What Shippers and Retailers Need to Know for Peak Season Planning 2022

WRITTEN BY STEFANY MARTIN / POSTED ON 

Original Article: What Shippers and Retailers Need to Know for Peak Season Planning 2022

When asked what peak season is, it’s easy to assume the holidays are the only peak shipping season. However, four shipping seasons occur throughout the year and are often regular and expected. That was the case until the ongoing disruptions of the past few years changed the shipping game. Today, the shipping peak season is still a march toward the holidays, but that march is now at a breakneck pace and subject to massive volatility.

Bottlenecks from future COVID-19 variants are possible. We’ve seen how the lockdowns in Shanghai snarled global supply chains. Weather events might also be factors. In addition, retailers are struggling to move inventory initially ordered in the first quarter of 2022 to make way for back-to-school and holiday merchandise.

There’s a massive amount of uncertainty still at play in the market. For shippers and retailers to understand the true peak season meaning, they will need a firm grasp on the realities of inflation, expectations, and the use of technology to get through it.

When and What Is Peak Season?

The peak season definition is a continued evolution of the seasons in transportation.

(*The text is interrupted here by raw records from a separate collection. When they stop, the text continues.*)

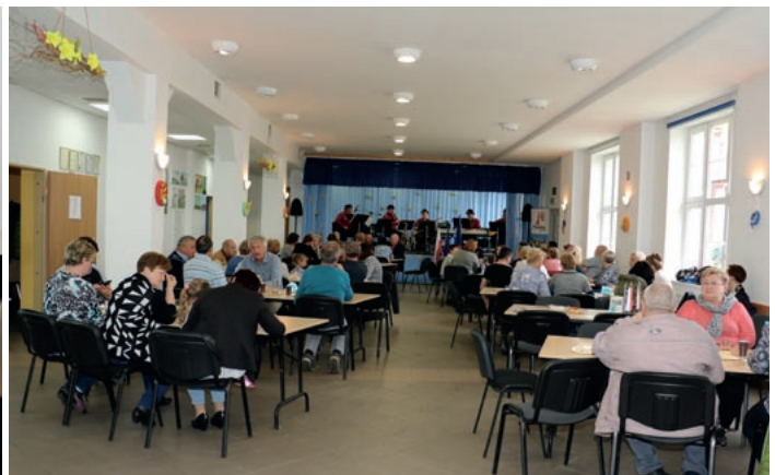
Mikroprojekt CZ.11.4.120/0.0/0.0/16_008/0000367 pn. „Przyjaźń bez granic“, Gmina Kondratowice - „prezentacja czeskiej kuchni w Kondratowicach“

Wydawca Euroregion Pomezi Čech, Moravy a Kladská – Euroregion Glacensis, Panská 1492, 516 01 Rychnov nad Kněžnou, Republika Czeska w współpracy ze Stowarzyszeniem Gmin Polskich Euroregionu Glacensis, Łukasiewiczza 4a/2, 57-300 Kłodzko, Polska
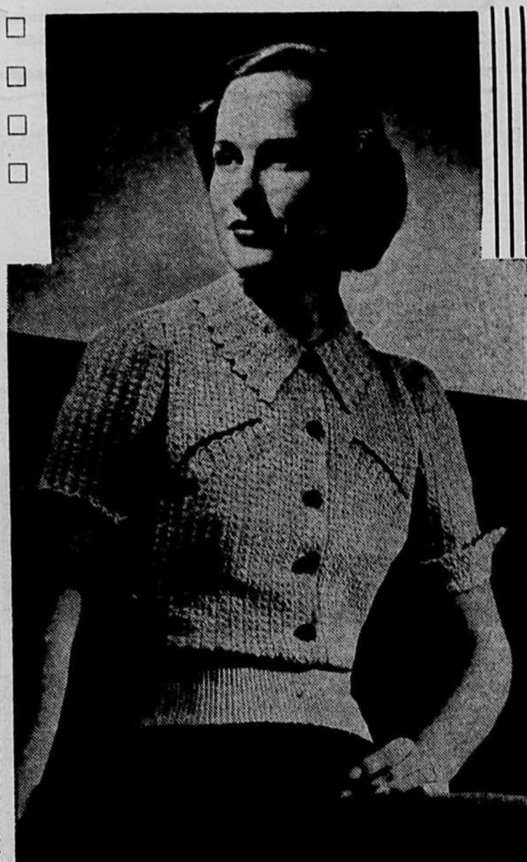
Ce charmant gilet est très facile à faire, avec du coton à tricoter mercerisé, dans un point de coquille. Frais et confortable pour l'été, il ajoutera une note personnelle à votre garde-robe et fera un agréable changement avec vos blouses tailleur.

1er rang: 7 br. dans la 4ième chaîne, à partir du crochet, tr. 1, passez 3, 1 m. s. dans la chaîne suivante, tr. 1, passez 3, 7 br. dans la m. suivante,
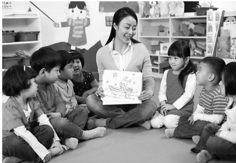
● Ảnh minh họa.

Ngoài ra, Thông tư 07/2023/TT-BGDĐT cũng nêu rõ liên kết đào tạo ngành Giáo dục Mầm non trình độ cao đẳng
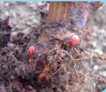
Abb. 7: Haupttrieb basis mit Bewurzelung und angelegten Erneuerungsknospen für den Sprossaustrieb im Folgejahr

They’re usually broken into four seasons:

  • Q1: The Quiet Season
  • Q2: The Produce Shipping Season
  • Q3: The Peak Shipping Season
  • Q4: The Holiday Shipping Season

In the age of disruption, none of these seasons have been regular. Above-average holiday shipping seasons in 2020 and 2021 led to an above-average returns rate in the usual Quiet Season. Continued lockdowns over the emergence of new COVID variants left the Produce Shipping Season of 2021 in a panic. Even once a vaccine was available, additional breakouts of new variants in Shanghai put the brakes on transportation expectations for the Produce Shipping Season in 2022. These factors have made managing last-mile delivery in retail ever more complex.

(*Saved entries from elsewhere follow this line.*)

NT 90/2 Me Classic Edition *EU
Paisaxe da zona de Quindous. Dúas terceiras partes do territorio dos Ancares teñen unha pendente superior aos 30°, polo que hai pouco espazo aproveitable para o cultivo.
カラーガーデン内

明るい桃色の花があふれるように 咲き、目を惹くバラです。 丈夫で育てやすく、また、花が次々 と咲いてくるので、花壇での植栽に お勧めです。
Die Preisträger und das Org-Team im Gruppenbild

Now, it’s also important to realize that produce grown in North America may not be subject to lockdowns in Shanghai, but there’s another factor at play. The ongoing Ukraine–Russia conflict has caused turmoil in significant parts of the global food chain, and in fact, Ukraine is a major exporter of barley (30% of global totals), wheat (25%), and sunflower oil (60%).

Further, Ukraine supplies more than one-half of the world’s neon gas necessary for printing circuits on computer chips. With Russia exporting many critical commodities, Deloitte explained, there are insufficient raw materials for supply and manufacturing use. Therefore, produce ready for shipping may be stalled due to a limited supply of equipment and trucks (hindering capacity procurement), fewer drivers, and the pressure everywhere to move things faster, save money, and get it done without impacting the customer experience.

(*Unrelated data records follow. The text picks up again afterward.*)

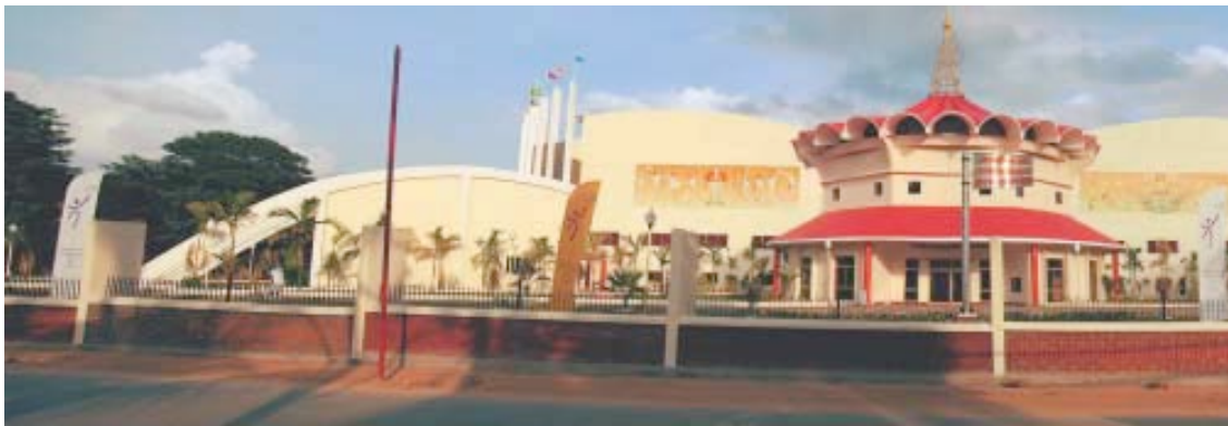
Centro Internacional de Deportes Sri Sathya Sai, Prasanthi Nilayam

Sin embargo, el rasgo más sobresaliente de esta Universidad, que la hace tan única es el proceso triangular, mutuamente fortalecedor, de aprendizaje y transformación que la Universidad ofrece a cada estudiante: las lecciones aprendidas en la proximidad inmediata y mediante la interacción directa con el venerado Rector; la integración de valores al conocimiento secular a través del currículum y la enseñanza en las clases; y la traducción de estas lecciones a las habilidades prácticas a través del diario vivir en el ambiente de la residencia para alumnos internos, el campo de deportes y el servicio social. Esto es explicado en detalle en las secciones siguientes.
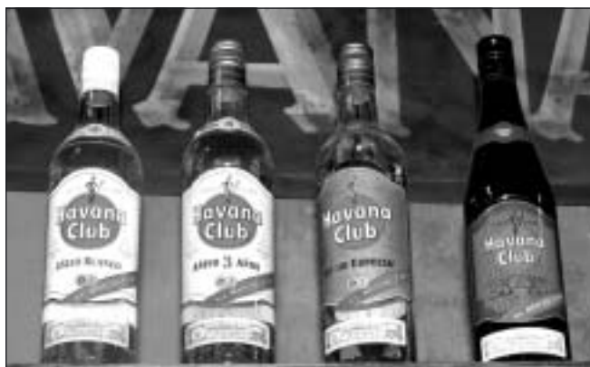
Den kubanska rommen är något av en nationaldryck. Den finns i många kvalitéer, ljus och mörk och av olika ålder. Den tillverkas som whisky, men på sockerrörsextrakt i stället för malt. Priset varierar från ca 30 kronor per 75-a upp till flera hundra för de bästa kvaliteterna som då är 15-20 år gamla.
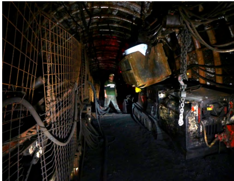
Při práci s mobilními stroji se zranilo na šachtě za první pololetí deset kolegů, polovina z úrazů spadla do kategorie registrovaných.
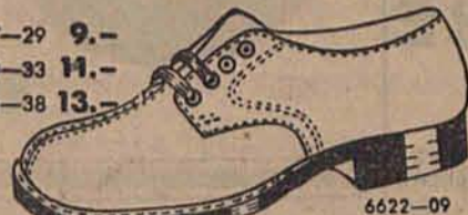
Sportowy dziecięcy półbut na skórzanej podszewie.
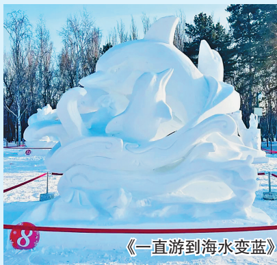
《一直游到海水变蓝》
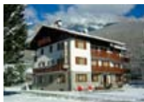
HOTEL *** Cima Bianca Meublé BORMIO Via Credaro, 5 Tel. 0342/910.888 www.bormio.it/viacredaro
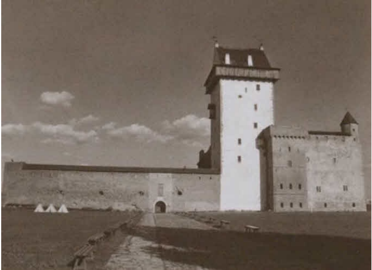
Замок Святого Германа в Нарве. Резиденция фогта Ливонского ордена
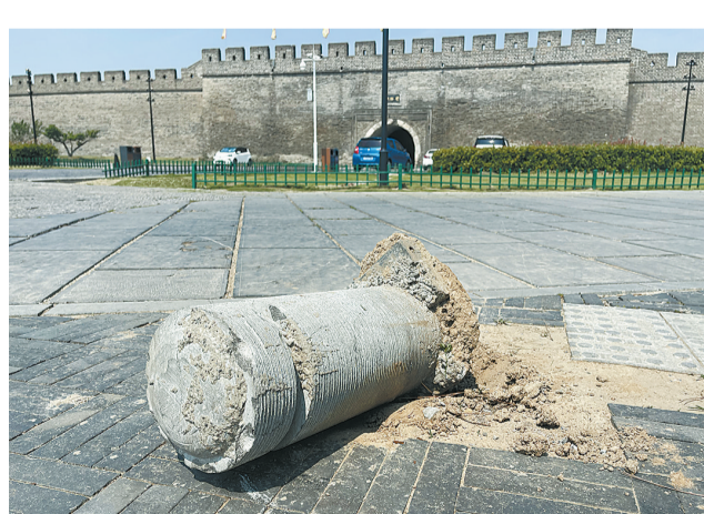
近日,在商丘古城景区东城门外,道路旁一处大理石路障损毁倾倒。

Given all this information, it’s not surprising that more shippers and retailers are looking to a much earlier start to peak season planning. Shippers that do not yet have a plan in place are more likely to find most of their freight moving through the spot market in Q3 and Q4. As a result, shipping costs will undermine any potential gains.

The risk for higher peak season shipping surcharges is a certainty. Yes, all parties have metrics and KPIs that help them know when to switch carriers or where to throttle ordering, but that’s not acceptable to customers. They’ll simply abandon ship and go to Amazon. Worse still, drivers feel the impact as service demand declines in the target markets. And there’s the fact that even if the customer goes to Amazon, it may still be routed through a third-party seller on Amazon itself.

Would it not be simpler to access capacity that can scale while keeping tabs on the total costs more easily?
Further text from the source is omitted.